Create a dashboard for managing Linear issues assigned to me in the Engineering project.

Create a table with columns for: issue identifier (as a link to Linear), title, status (as a badge), priority, assignee, and due date.

On each row, add a “Change Status” dropdown with all available workflow statuses. Add bulk actions to change the status of multiple issues at once. Show the total row count in the table title.

Tips for Effective Dashboards

  • Start with clear objectives — Define exactly how you imagine the dashboard to look.

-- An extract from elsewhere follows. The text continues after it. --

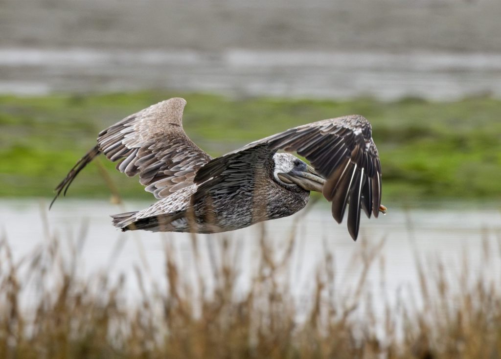 Juvenile Brown Pelican cruising byat low altitude.Two adults in the water and a juvenile coming in for a landing, with Marbled Godwits(18 inches from crown to tail)and tiny peeps (6-7 inches) on the shore in the foreground for size comparison. Pelicans are up to 54 inches crown to tail and can have an 8 foot wingspan.Adult on right, juvenile preening and showing off its handsome black crown on the left.Showing off the impressive wingspan.
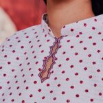 Printed Cotton: The top is crafted from printed cotton fabric, adding a playful and trendy element to the ensemble. The combination of embroidery and printed cotton creates a stylish contrast and visual interest.

The more specific your prompt, the better the output.
  • Choose the right components — Stats cards for KPIs, tables for actionable data, accordions for grouped information.
  • Design for action — Include actions that help you work with your data, not just view it.
  • Use meaningful labels and units — Specify units like %, USD, or hours when requesting numeric data.
  • Iterate and refine — Use the chat to continuously improve: “Add a filter for high-priority items,” “Change status to colored badges,” or “Replace the description column with due date.”

Walkthrough: Building an Actionable Dashboard

Here’s an end-to-end example of creating a dashboard with status update actions:

1. Prompt the AI to create test tickets and build a dashboard with inline actions:

Use the Linear tools to create test tickets assigned to me, then create a dashboard displaying them in a table with a column to update ticket status.

2. The AI creates the tickets and generates the dashboard:

The generated dashboard showing test tickets with status summary cards and an action column

3. Perform an action — click “Update Status” on a ticket and select a new status:

Selecting "Move to Done" from the status change dropdown on a ticket

4. Changes reflect immediately on both the dashboard and the source system:

The dashboard showing the updated status

The status change reflected in Linear

Chatting with Your Dashboard

From the Canvas page, you can start a chat with an AI agent that receives full context of your dashboard — including the complete configuration schema and the currently rendered data. This means the agent already knows your layout, data sources, columns, actions, and live values before you say anything.

You can:

  • Ask questions — “Which issues have been open the longest?”
  • Request modifications — “Add a column showing the assignee.”
  • Perform edits — “Change the filter to only show high-priority items.”
  • Get insights — “Summarize the status of my project based on this data.”

The agent makes real-time edits to your dashboard based on your conversation. To start, click the Start a Chat button in the dashboard sidebar.

The dashboard sidebar also includes a Chat History panel where you can reopen previous dashboard-related conversations.

JSON Editor

For granular control, Canvas provides a JSON editor where you can directly modify the dashboard configuration:

  1. Navigate to the Canvas page.
  2. Open the JSON editor panel.
  3. Edit component properties (labels, titles, icons), actions, data sources, and transformation rules.
  4. Click Apply to update the dashboard.

The JSON editor showing the raw dashboard configuration

FAQ

QuestionAnswer
Why is my dashboard showing errors?The data couldn’t be fetched from the integration. Check that your integration is still connected and you have permission to access the requested data.
Can I have multiple dashboards?Yes — create as many as you need, each with different data sources and layouts.
How often does the data refresh?Data is fetched when the page loads and is automatically refreshed after you perform an action (such as changing a status or executing a bulk action). You can also refresh the page manually to pull the latest data.
Can I share my dashboard?Yes — sharing works the same way as sharing conversations in Kindo.